* _WHAT THE EXERCISE ASKS_: Starting with the first line of the listing, quote each line exactly until and including the one with "Прозрачные сетчатые стринги", leaving pictures out.

* _PROVIDED MATERIAL_:

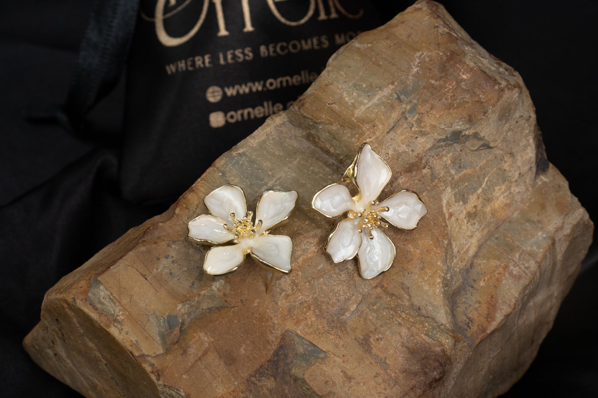 White Enamel Flower Earrings - O34
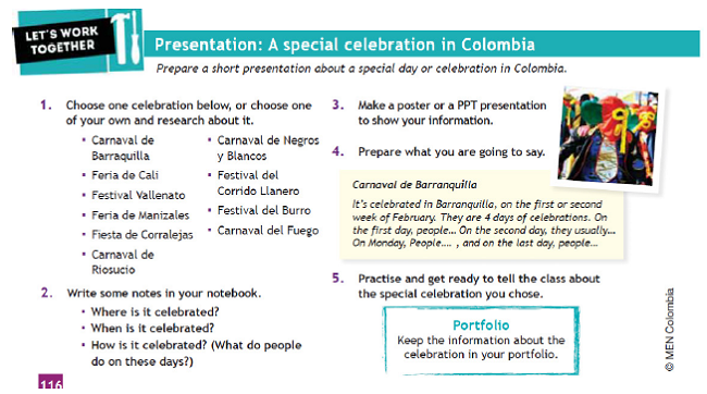 In a similar activity (figure 2), students must research information related to a traditional celebration or holiday, this time specifically in Colombia.
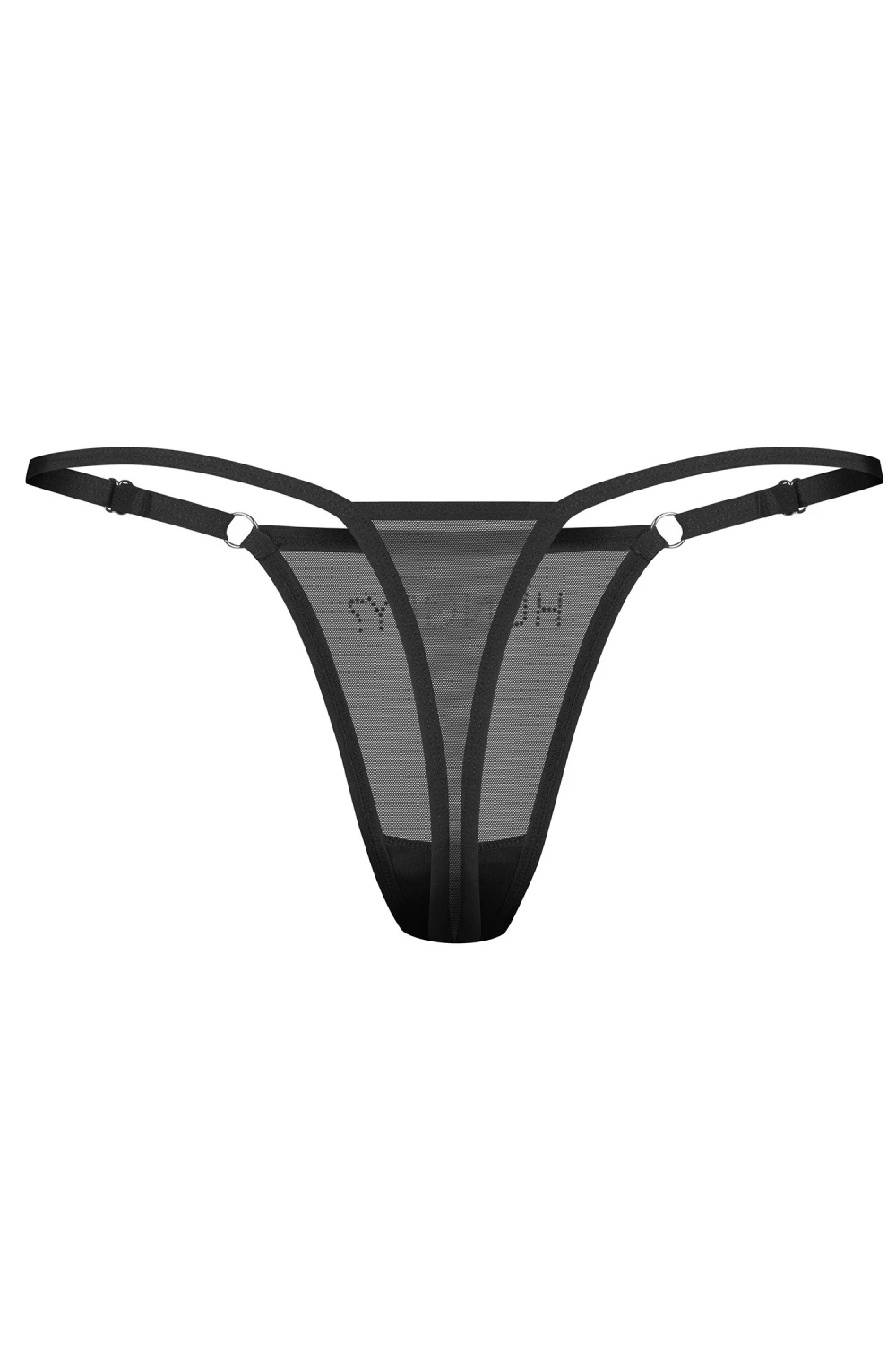 Прозрачные сетчатые стринги с блестящей надписью "Fuck Me" Obsessive Violami – смелый выбор для женщин, которые любят флиртовать и играть со словами. Надпись воспламеняет чувства с самого первого взгляда.
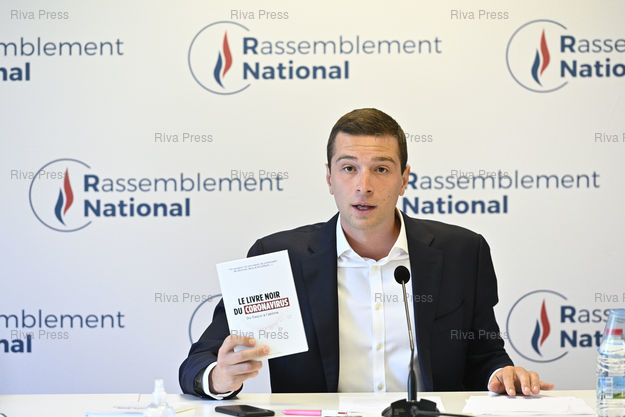 Légende : Jordan Bardella, vice-président du Rassemblement national, présente le "Livre noir du coronavirus" lors d'une conférence de presse, en présence de Marine Le Pen /// Jordan Bardella, vice-president of the Rassemblement national far-right Party, presents the "Black Book of the coronavirus" during a press conference, in the presence of Marine Le Pen - Nanterre - 28/07/2020 - Photo © Lionel Préau +33 (0)6 68 12 83 77

* _WRITTEN ANSWER_:
 White Enamel Flower Earrings - O34
 In a similar activity (figure 2), students must research information related to a traditional celebration or holiday, this time specifically in Colombia.
 Прозрачные сетчатые стринги с блестящей надписью "Fuck Me" Obsessive Violami – смелый выбор для женщин, которые любят флиртовать и играть со словами. Надпись воспламеняет чувства с самого первого взгляда.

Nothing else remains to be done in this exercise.